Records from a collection
○ ○ ○ ○ ○
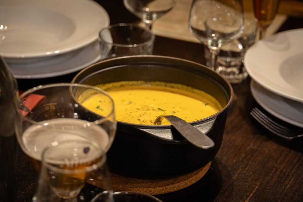 Après la visite de la brasserie Virage Sept, il était temps de faire une pause et de savourer les spécialités locales. Nous avons pris la route vers Courzieu, un charmant village niché entre forêts et collines, pour déjeuner à l’Auberge du Pastoureau — une adresse réputée dans les Monts du Lyonnais pour sa cuisine lyonnaise traditionnelle et son accueil chaleureux.
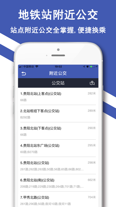 贵阳地铁通App,一款专业地铁出行智能助手。拥有贵阳最新地铁线路图,查询推荐最优换乘线路,最新站点信息全掌握(含周边)等地铁出行信息和功能。 ——【应用特色】—— 最新地铁线路:截止2024年,贵阳轨道交通共计开3条线路,后续APP线路将更根据实际情况更新。 最优换乘线路:时时监控地铁运行状态(通畅或拥堵),查询推荐最优换乘线路,以及乘坐的时间,票价,距离。 便捷线路分享:支持线路查询结果,文本/图片保存到本地,或分享到第三方平台。 线路/站点收藏:换乘线路查询结果以及站点收藏。 详细站点信息:站点首末班车时间,车站服务设施(卫生间和电梯等)、出入口信息等。 ——【所有线路】—— 涵盖地铁线路:1号线、2号线、3号线。 ——【联系我们】—— 贵阳地铁App,接入贵阳地铁信息中心,所有信息仅供参考,产品处于开发阶段,可能存在部分未完善细节,欢迎广大用户反馈使用问题和给我们建议,我们会努力做最好的贵阳地铁出行助力。 联系邮箱:app20190304@qq.com1、更新地铁线路信息,3号线地铁信息完善 2、升级用户隐私安全,透明权限获取 3、适配iOS各系统和iPhone各机型
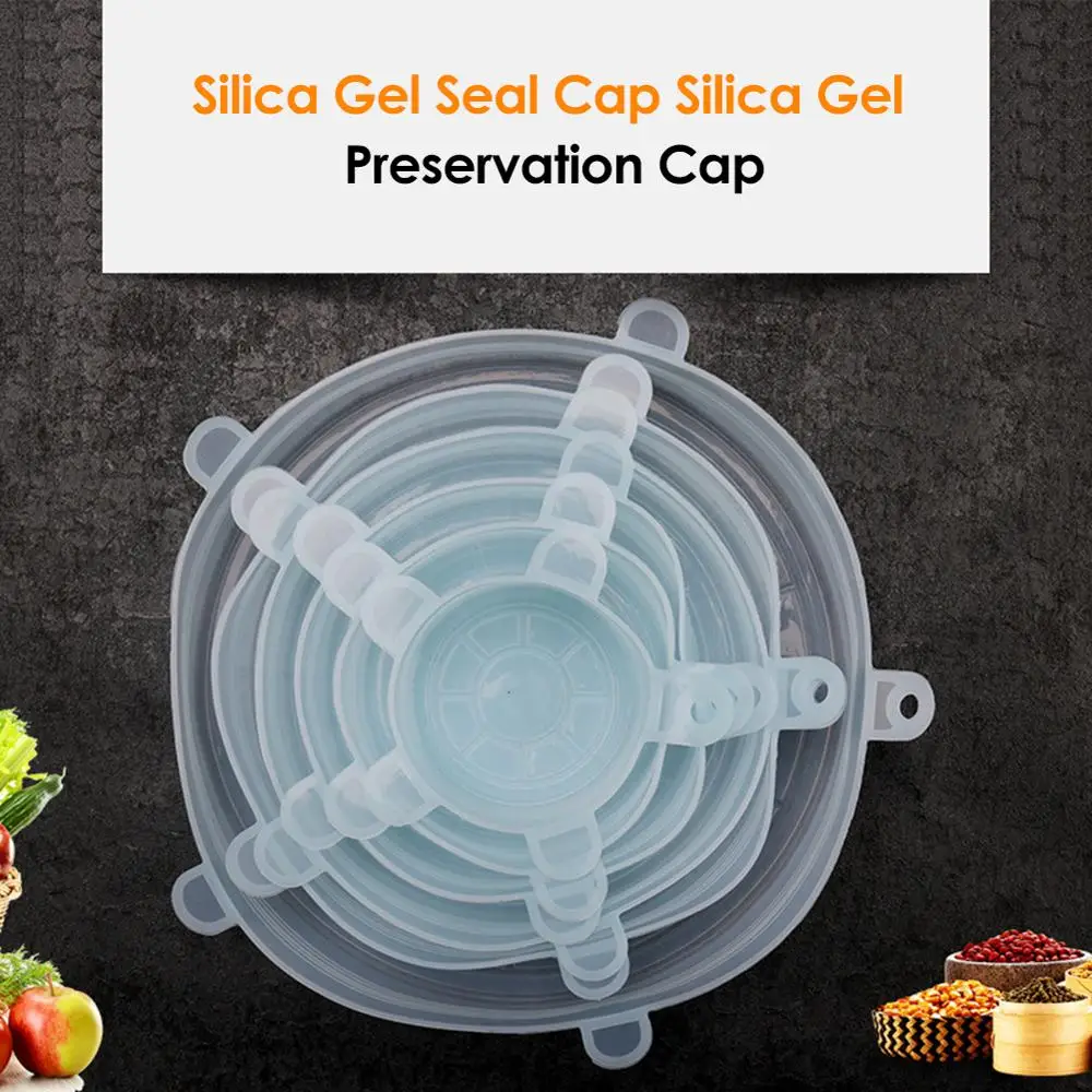 1/6 шт многоразовая силиконовая пищевая обертка стрейч вакуумное уплотнение крышка Saran обертка для кухни Организация пищевых продуктов свежие закрытые крышки
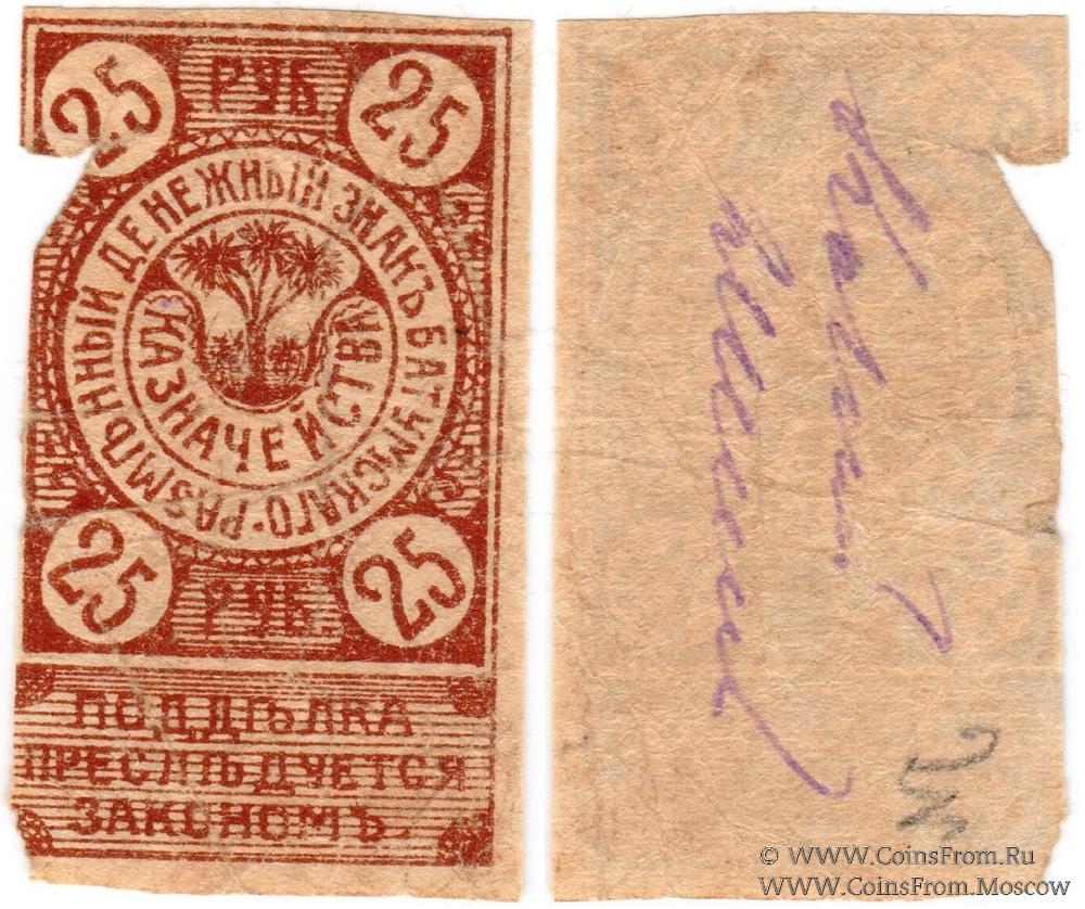Разменный денежный знак без даты (1919 г.). Коричневый. С подписями на реверсе. Батумское Казначейство.
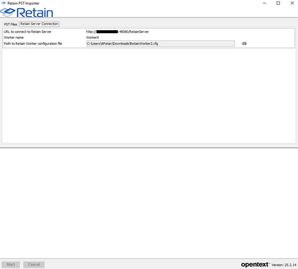 On initial startup, the Retain PST Importer opens to the configuration page. The worker configuration file contains all the connection information for the Retain Server. (If the location changes, the worker configuration file will need to be re-downloaded.)
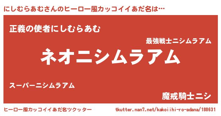 | 伝説のあだ名 | 『古より伝わる暗殺者にしむらあむ』 |
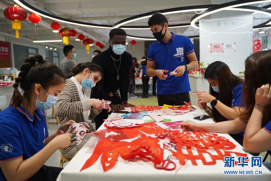 2月8日,北京交通大學(xué)留學(xué)生在體驗剪紙。新華社記者 張浩波 攝
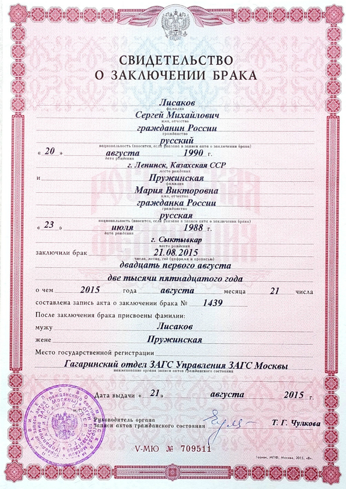 Решение о регистрации брака
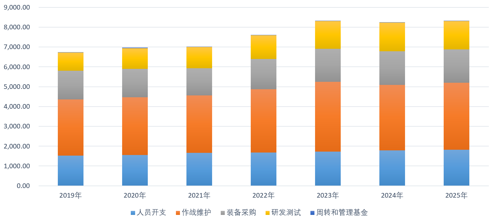 圖1.1 2019-2025財年美國國防預算的費用構成 數據來源:美國曆年國防預算
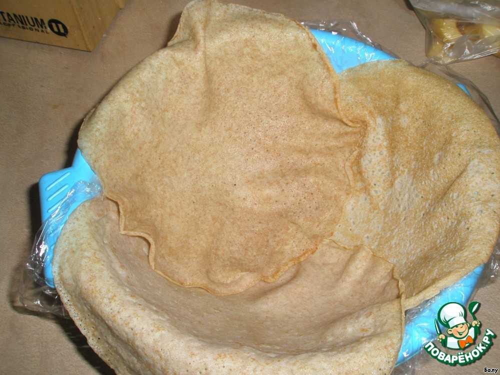 5. Далее наш кулинарный шедевр соберите в разъемной формочке. По бокам уложите цельные блинчики, причем так, чтобы они были внахлест и свисали. А красивая зажаристая сторона была с лицевой стороны.
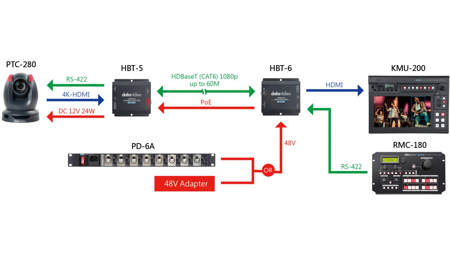 Receptor para la interfaz HDBaseT que permite transmitir la señal HDMI a una distancia de hasta 60 m en resolución 1080p o de 35 m en 4K@30 mediante un cable Cat 6. Es compatible con HDMI Deep Colour y Full 3D, resoluciones de hasta 4K/2K a 30 fps, HDCP 2.2/1.4, DTS-HD Master Audio y Dolby TrueHD, entre otros. Incluye compatibilidad con alimentación Power-over-Ethernet (PoE) y comandos RS-232/RS-422. Se suministra con una fuente de alimentación de 48 V.
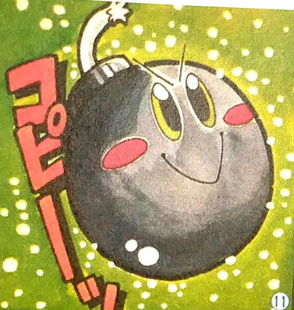 星のカービィ (前田のえみ) 1994年度9月号? | 爆弾のような見た目の花火玉をすいこんでコピーした姿。自分で爆発してデデデ大王たちを巻き込み空へ打ち上がった。 ゲームでも後に『カービィ64』で自身が花火になるバーニングボムが登場。 |
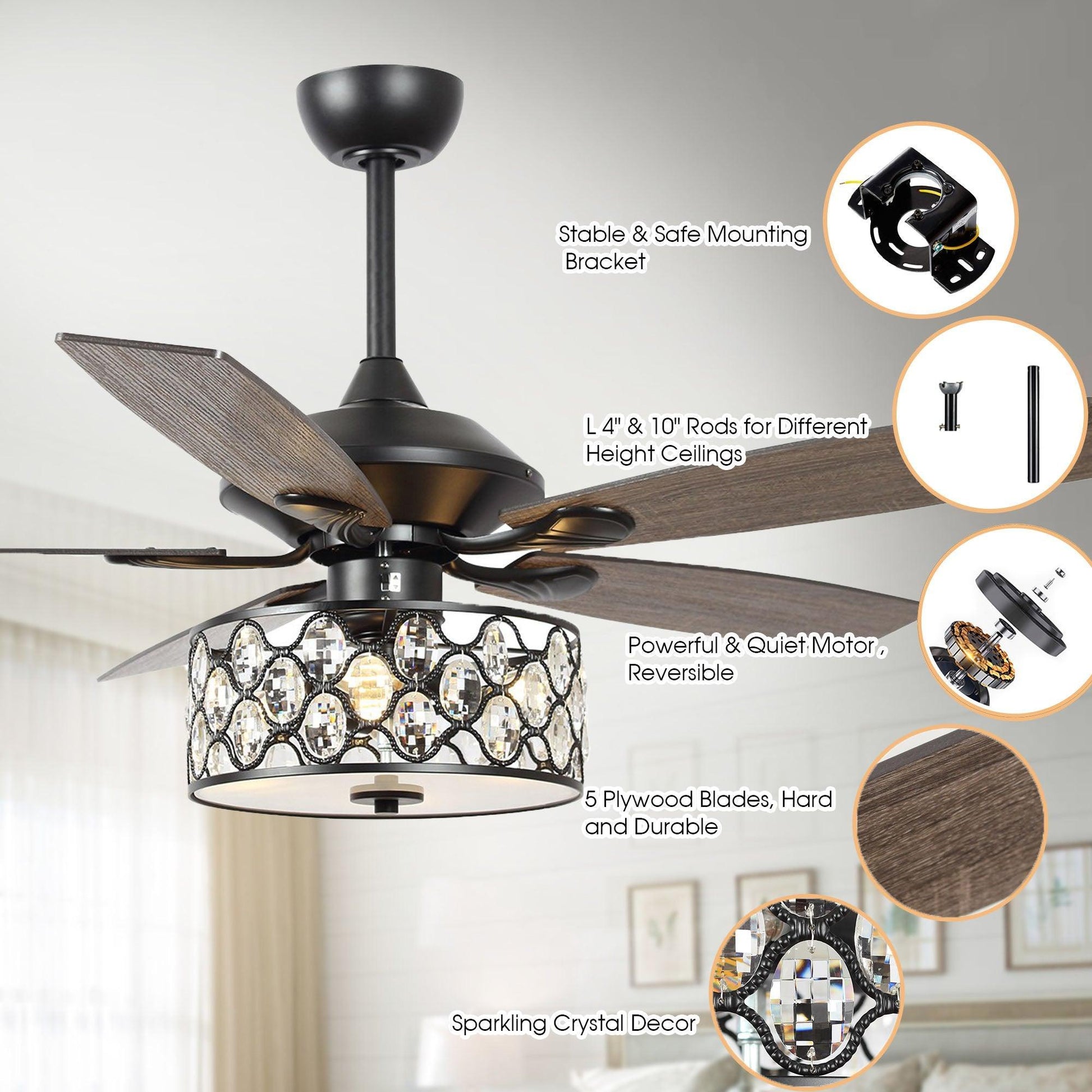 These ceiling fans are the most cost-efficient option for bringing the temperature down and moving stale air out of your room. This lighted chandelier ceiling fan is the perfect solution for your cooling and lighting needs. A full crystal shade combines to fill your home with a grandeur rarely found in such a functional package. The matching silver-stained wooden blades move an impressive amount of air. The 3-speed motor ensures you find the exact setting for your stimulating comfort.
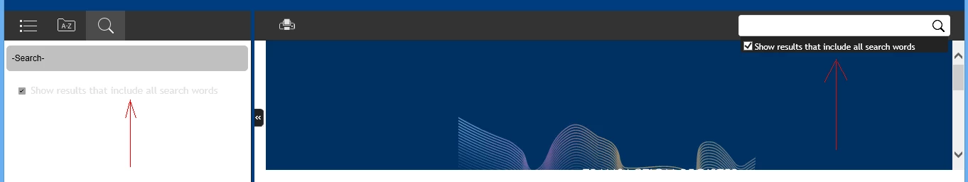 The "Use AND search option" is enabled and displays the text "Show results that include all search words" on the Search Tab and Function Bar. But the text is displayed in grey on the Search tab and is virtually unreadable.
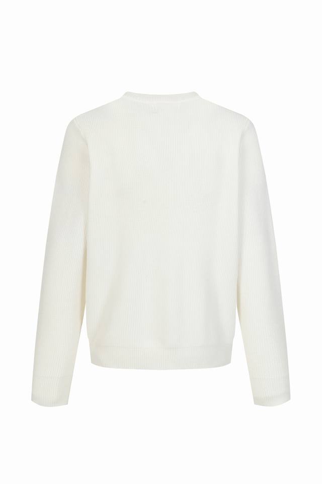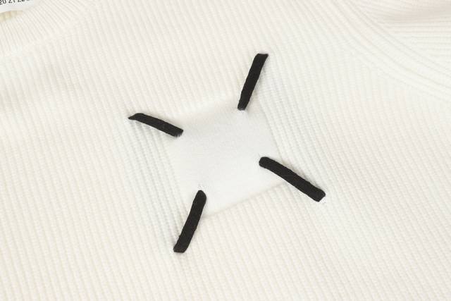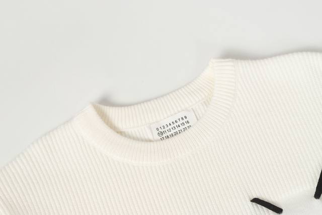 Mm6 Margiela four-corner logo crew neck sweater. Made with a special washing process, it's incredibly soft and skin-friendly, featuring a standard 3-needle knit. It's comfortable against the skin, versatile, and a must-have autumn/winter piece. Unisex. Colors: Black, Warm White. Sizes: S, M, L.
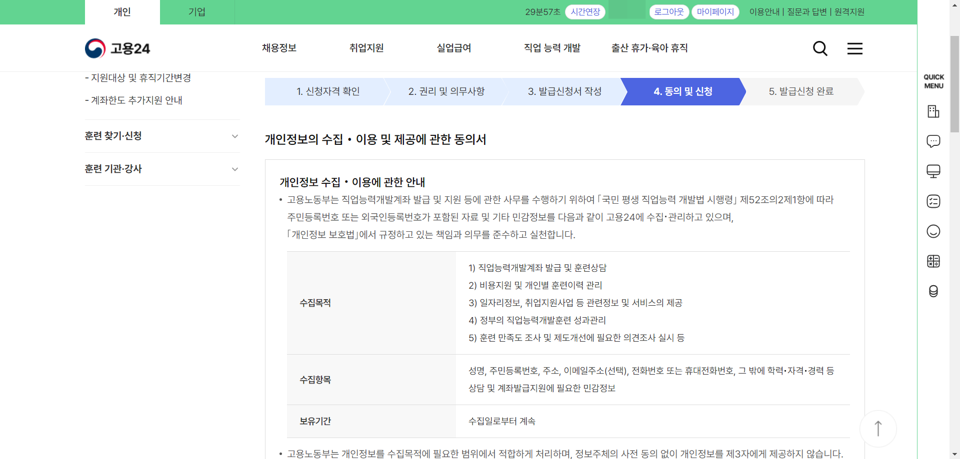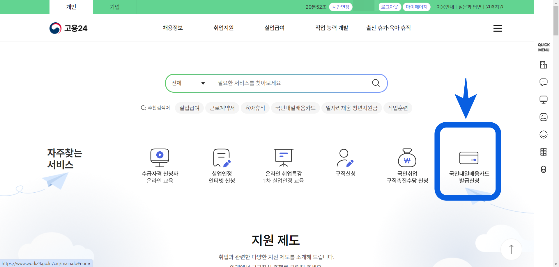 4. 로그인이 되었다면 고용24 첫 화면의 국민내일배움카드 발급신청을 눌러준다.
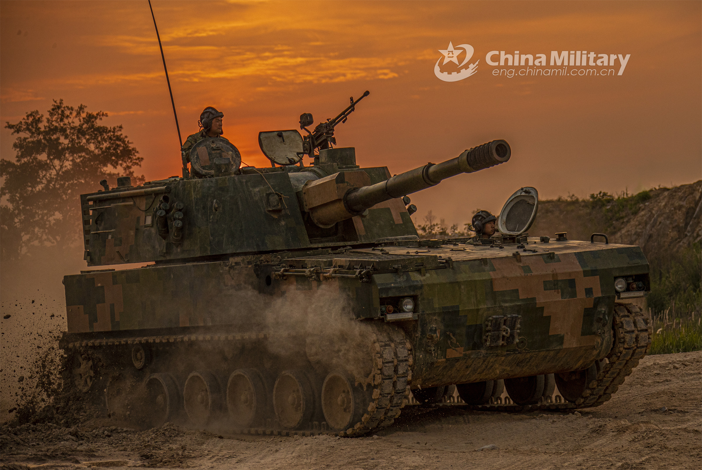 Soldiers assigned to an artillery element of a brigade under the PLA 71st Group Army maneuver a main battle tank to the battlefield at twilight during a round-the-clock live-fire training exercise in late May, 2023. (eng.chinamil.com.cn/Photo by Wan Zhiqi)
○ ○ ○ ○ ○
WORK TASK
Print exactly, with no pictures, the lines above from the one that holds "伝説のあだ名 | 『古より伝わる暗殺者にしむらあむ』 |" through the one that holds "4. 로그인이 되었다면 고용24 첫 화면의 국민내일배움카드 발급신청을 눌러준다.", both of them included.

EXERCISE RESULT
 | 伝説のあだ名 | 『古より伝わる暗殺者にしむらあむ』 |
 2月8日,北京交通大學(xué)留學(xué)生在體驗剪紙。新華社記者 張浩波 攝
 Решение о регистрации брака
 圖1.1 2019-2025財年美國國防預算的費用構成 數據來源:美國曆年國防預算
 5. Далее наш кулинарный шедевр соберите в разъемной формочке. По бокам уложите цельные блинчики, причем так, чтобы они были внахлест и свисали. А красивая зажаристая сторона была с лицевой стороны.
 Receptor para la interfaz HDBaseT que permite transmitir la señal HDMI a una distancia de hasta 60 m en resolución 1080p o de 35 m en 4K@30 mediante un cable Cat 6. Es compatible con HDMI Deep Colour y Full 3D, resoluciones de hasta 4K/2K a 30 fps, HDCP 2.2/1.4, DTS-HD Master Audio y Dolby TrueHD, entre otros. Incluye compatibilidad con alimentación Power-over-Ethernet (PoE) y comandos RS-232/RS-422. Se suministra con una fuente de alimentación de 48 V.
 星のカービィ (前田のえみ) 1994年度9月号? | 爆弾のような見た目の花火玉をすいこんでコピーした姿。自分で爆発してデデデ大王たちを巻き込み空へ打ち上がった。 ゲームでも後に『カービィ64』で自身が花火になるバーニングボムが登場。 |
 These ceiling fans are the most cost-efficient option for bringing the temperature down and moving stale air out of your room. This lighted chandelier ceiling fan is the perfect solution for your cooling and lighting needs. A full crystal shade combines to fill your home with a grandeur rarely found in such a functional package. The matching silver-stained wooden blades move an impressive amount of air. The 3-speed motor ensures you find the exact setting for your stimulating comfort.
 The "Use AND search option" is enabled and displays the text "Show results that include all search words" on the Search Tab and Function Bar. But the text is displayed in grey on the Search tab and is virtually unreadable.
 Mm6 Margiela four-corner logo crew neck sweater. Made with a special washing process, it's incredibly soft and skin-friendly, featuring a standard 3-needle knit. It's comfortable against the skin, versatile, and a must-have autumn/winter piece. Unisex. Colors: Black, Warm White. Sizes: S, M, L.
 4. 로그인이 되었다면 고용24 첫 화면의 국민내일배움카드 발급신청을 눌러준다.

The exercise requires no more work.